My eyes widen in realization of this fact. The nurse has already gone back into the operating room after being called in. That leaves me alone in the freaky waiting room. With no light shining through the large windows and see-through doors, the fluorescent lighting gives the room an eerie glow. The entire room is white, besides the dark specks on the flooring; in fact, I think everything in this hospital is white except for the outside. Somehow, the lack of color makes it even scarier, when it's empty. The tattered white chairs and dangerously swinging lights make it a scene fit for a horror movie. They could even hide my body right in the ceiling tiles, and it wouldn't be that hard.

I really need something to do with my time or I'm going to imagine more scenarios of my death.

"Willow," a feminine voice calls, "Willow? Willow Anderson?"

"Oh thank god," I say too loud.

She, whom I have now discovered is a nurse, furrows her eyebrows and tilts her head at me to explain.

"Oh, it was nothing, it was just that I was thinking about how I could be murdered, before you came." By the time my brain catches up to my tongue, it's too late.
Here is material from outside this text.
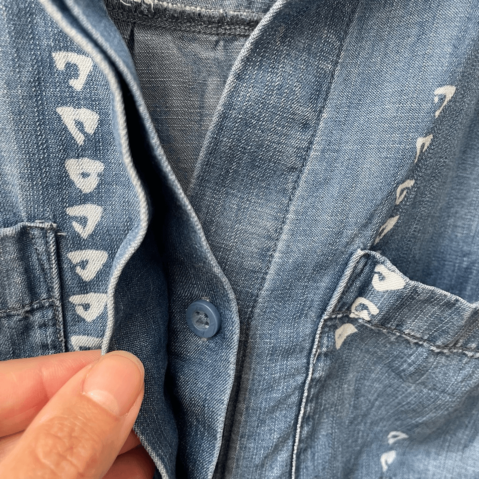 From Anthropologie cloth stone Lyocell chambray button up shirts with a slightly cropped fit and hidden button placket. The button does not go all the way up to the collar so it is a little V-neck cut. The blue chambray is decorated with batik style reverse bleach, tie-dye print. Raw hem. Laying flat measures 20 inches shoulder to him in the front with an additional 5.5 inches in the back and 20 inches armpit to armpit.

A hear a clang, which would be the harsh sound of the nurse's metal clipboard against the tile flooring.

"Are you okay, honey?" she asks, seemingly ready to run. I wonder what she'd do if I turned out to be a loon? I think she'd run away screaming.

"Um, yeah, I'm just really tired," I pause. "How is Leo?" I ask timidly.

"He is in critical condition. We thought some of his vital organs were going to start shutting down." I cringe as she continues, "The doctors did the best they could. He is still alive, as of now, and there is a possibility of him getting out of this hospital in some months."